In 1893, at the age of 36, Elbert Hubbard sold his interest in the Buffalo-based Larkin Soap Company for $75,000 to pursue a career in literature. In 1895, after a chance meeting with Arts and Crafts pioneer William Morris at Morris's Kelmscott Press, Hubbard sought to emulate him in the U.S. by producing books according to medieval tradition. Upon returning to his home in East Aurora, New York, Hubbard purchased the basic equipment to start a printing operation for the sole purpose of printing his own material.
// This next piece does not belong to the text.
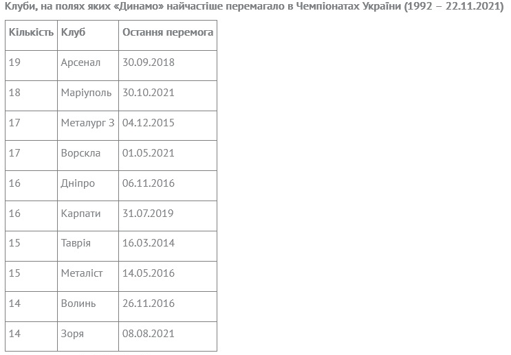 Найчастіше динамівці святкували перемоги на полі «Арсеналу» – 19 разів та «Маріуполя» – 18. Найбільше гостьових вікторій в УПЛ «Динамо» здобувало під керівництвом Валерія Лобановського – 55 перемог та Йожефа Сабо – 38. Найбільше виїзних перемог динамівців зафіксовано з рахунками 1:0 – 63 рази, 2:0 – 57 та 2:1 – 50.

When the first Roycroft building was erected in 1895, Hubbard instructed his men to build a church-like structure similar to one he had seen in England. Eventually including 16 buildings, the Roycroft Campus was built mostly of local stone obtained by the wagonload from local farmers. In much the same way that the Kelmscott Press was founded, furniture and metal works were first produced out of necessity for a growing campus and later retailed to consumers. The Print Shop (1895-1938) produced a wide range of publications under the authorship of Hubbard and others, including Hubbard's monthly magazines: Little Journeys, The Philistine, and The Fra. Custom volumes received the handiwork of leather modelers and hand-illuminators. Roycroft furniture (1901-1938) was designed in the Mission Style which emphasized geometry and lack of adornment. The Blacksmith Shop (1899-1901) produced elaborate wrought iron andirons, lamps, and hardware for furniture. It would succumb to a new material of choice - copper - due to its low cost and ease of malleability. The Copper Shop (1906- 1938) produced a wide range of objects that were, during its infancy, created by hand. Eventually, machines were added to boost production and reduce costs.
In May of 1915, Hubbard and his wife Alice were among those lost on the Lusitania. Ironically, in 1912 he had written a satirical account of the Titanic in which he stated: "One thing sure, there are just two respectable ways to die. One is of old age, and the other is by accident.”